Overview
In this article, I will explain how I downloaded 4,800 files totaling over 3 terabytes of data from commoncrawl, containing over 45 billion URLs. Using Kaggle and self-hosted MinIO to process and store the data, I parsed this data to find all domains and subdomains and then resolved these domains to IP addresses using Google’s and Cloudflare’s DNS over HTTPS services. To maximize hardware capabilities, I used the aiohttp
and multiprocessing
libraries in Python. Ultimately, I discovered over 465,000 Shopify domains. You can get code and the domains from these link below.
Notebook Code: https://www.kaggle.com/code/alighafoori/shopify2024
Download shopify’s domains: https://docs.google.com/spreadsheets/d/1dykrF5EKpQliD4uPNywyYQMzbqMT_iwVOo_bUMbDHB0/edit?usp=sharing
Why I Use Object Storage Instead of a Database
I used Google Colab, Kaggle, and Saturn Cloud for scraping data, and I have a VPS on Hetzner with a substantial amount of free space.
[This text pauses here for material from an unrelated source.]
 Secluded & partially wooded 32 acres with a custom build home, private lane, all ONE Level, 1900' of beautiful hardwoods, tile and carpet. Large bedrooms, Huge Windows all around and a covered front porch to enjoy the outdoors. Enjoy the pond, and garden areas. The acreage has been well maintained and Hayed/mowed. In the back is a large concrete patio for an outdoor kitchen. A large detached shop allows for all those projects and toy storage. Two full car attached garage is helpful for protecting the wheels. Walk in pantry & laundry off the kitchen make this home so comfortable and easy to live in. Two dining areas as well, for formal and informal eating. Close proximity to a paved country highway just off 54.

By using MinIO for object storage, I was able to streamline the process and reduce the amount of code needed. Due to network latency, it was more efficient to load all data into RAM for processing and then store it in object storage for further use.
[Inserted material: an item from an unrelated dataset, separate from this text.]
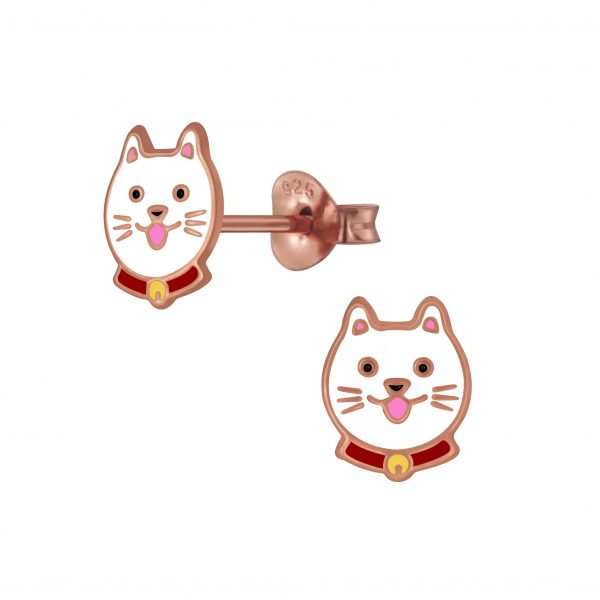 Silver Cat Stud Earrings

Download All URL Index Files
I aimed to process all data from 2022 to 2024, which comprises 14 archives. Each archive of Common Crawl data contains 300 URL index files, and each file includes at least 10 million lines similar to the text below.
net,slideshare,es)/shellyzediyo 20240529233815 {"url": "https://es.slideshare.net/ShellyZediyo", "mime": "text/html", "mime-detected": "text/html", "status": "200", "digest": "PF673LETY7C5454OZXLPRJ6YSUTVN67O", "length": "20654", "offset": "202849866", "filename": "crawl-data/CC-MAIN-2024-22/segments/1715971059412.27/warc/CC-MAIN-20240529230852-20240530020852-00717.warc.gz", "charset": "UTF-8", "languages": "spa"}
Within the `crawl_index_paths` function, identify URLs of all index files present in the archive files. then, leverage multiprocessing to efficiently process these index files in parallel.
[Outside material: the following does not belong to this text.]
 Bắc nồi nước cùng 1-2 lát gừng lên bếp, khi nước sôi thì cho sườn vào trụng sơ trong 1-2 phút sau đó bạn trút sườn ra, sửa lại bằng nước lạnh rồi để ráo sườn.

def crawl_index_paths(start_urls,bucket_name):
"""
Crawls a list of Common Crawl archives.
Args:
start_urls (list): A list of URLs pointing to Common Crawl archives.
bucket_name (str): The name of the S3 bucket (or MinIO equivalent) containing previously processed files.
"""
#Get a list of previously processed files to skip
lst=get_list_objects(bucket_name)
#Store start time to calculate total processing time
start_time = time.time()
#Determine the number of cores available on the system
num_cores = multiprocessing.cpu_count()
print(f"number cores:{num_cores}")
#List to store URLs of all index files found within archive files
urls=[]
for url in start_urls:
#download index file
response = requests.get(url)
print(f'get index file {url} len {len(response.content)}')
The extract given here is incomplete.